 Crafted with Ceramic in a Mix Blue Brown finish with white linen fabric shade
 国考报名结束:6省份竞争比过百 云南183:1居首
...
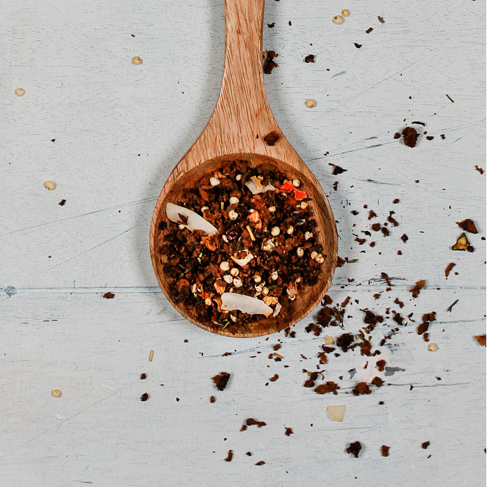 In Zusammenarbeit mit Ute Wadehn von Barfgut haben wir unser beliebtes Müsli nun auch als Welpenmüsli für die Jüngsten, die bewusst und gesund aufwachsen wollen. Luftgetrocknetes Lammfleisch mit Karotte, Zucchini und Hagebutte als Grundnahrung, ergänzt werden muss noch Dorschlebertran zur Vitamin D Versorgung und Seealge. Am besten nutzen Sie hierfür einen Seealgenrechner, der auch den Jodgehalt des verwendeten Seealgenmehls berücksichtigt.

- [WHAT YOU ARE ASKED TO DO]:
Among the entries above, the line containing "Crafted with Ceramic", the line containing "国考报名结束:6省份竞争比过百 云南183:1居首", and all lines between them are to be restated word for word; nothing else belongs in the reply.

- [WRITTEN SOLUTION]:
 Crafted with Ceramic in a Mix Blue Brown finish with white linen fabric shade
 国考报名结束:6省份竞争比过百 云南183:1居首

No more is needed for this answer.